Only the images get left out; everything else in the records is to be transcribed exactly.

--- Data listing ---
----

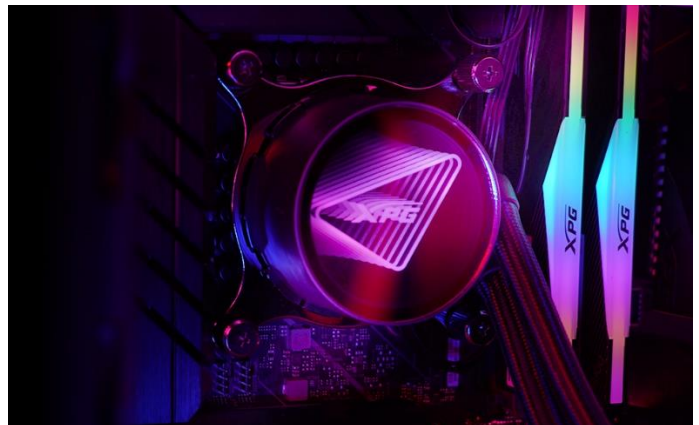
LATEST INTEL & AMD PLATFORM SUPPORT
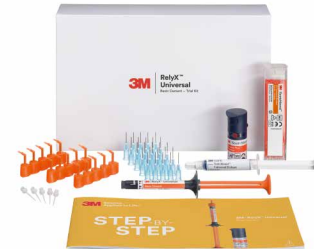
3M™ RelyX™ Universal Resin Cement Trial Kit TR (56969)

56976 15 x 3M™ RelyX™ Universal Micro Mixing Tips with Elongation Tips
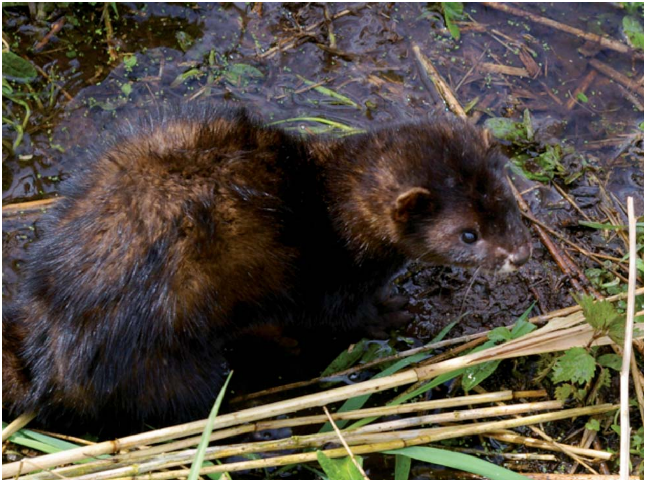
Fig. 2. - The dark polecat is characterized by an absence of facial mask.
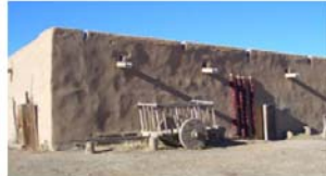
La Hacienda de los Martinez

The museum is located in the home built by Russian artist Nicolai Fechin in 1927. It is half mile north of Taos Plaza
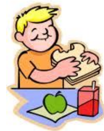
4.- have breakfast
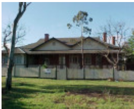
Rafa Barracks 1 Ordnance Reserve
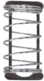
'Sotax Style' Spiral Sinkers
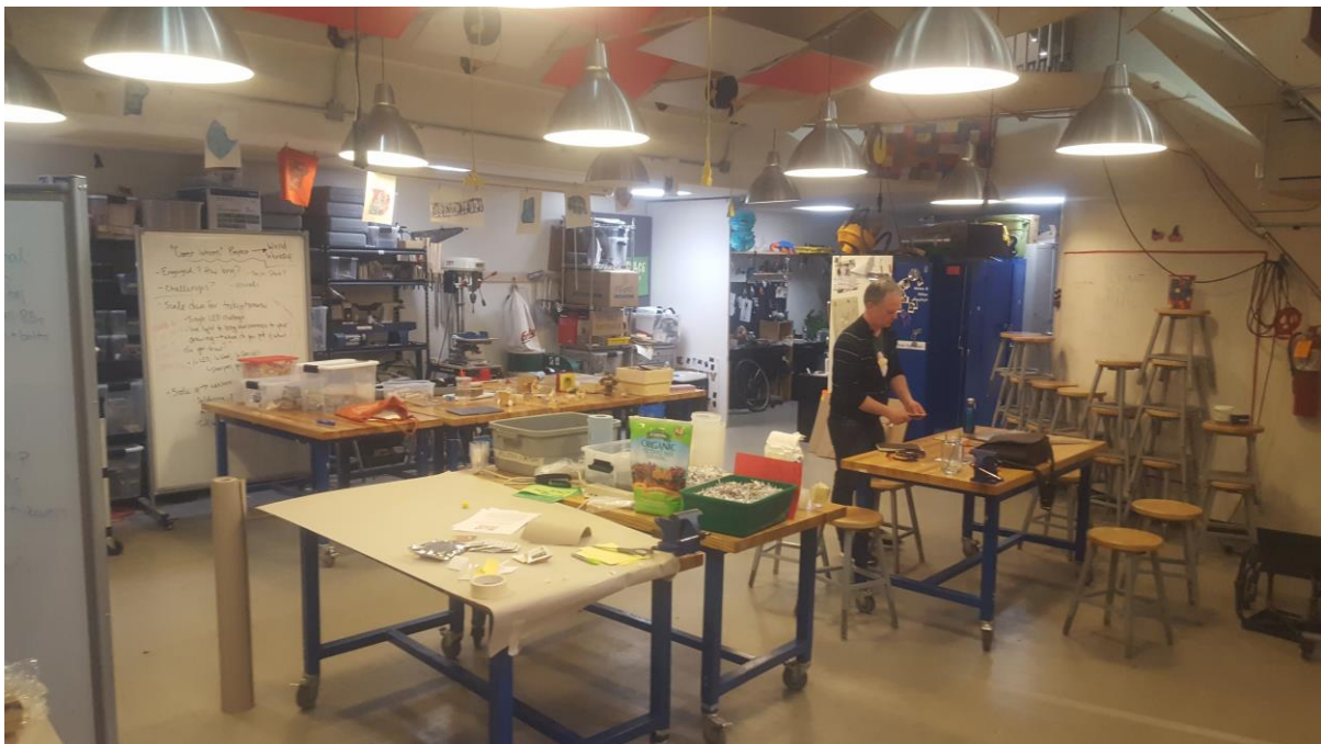
Makerspace at the New York Hall of Science, New York City, USA

----

--- Expected answer ---
LATEST INTEL & AMD PLATFORM SUPPORT
3M™ RelyX™ Universal Resin Cement Trial Kit TR (56969)

56976 15 x 3M™ RelyX™ Universal Micro Mixing Tips with Elongation Tips
Fig. 2. - The dark polecat is characterized by an absence of facial mask.
La Hacienda de los Martinez

The museum is located in the home built by Russian artist Nicolai Fechin in 1927. It is half mile north of Taos Plaza
4.- have breakfast
Rafa Barracks 1 Ordnance Reserve
'Sotax Style' Spiral Sinkers
Makerspace at the New York Hall of Science, New York City, USA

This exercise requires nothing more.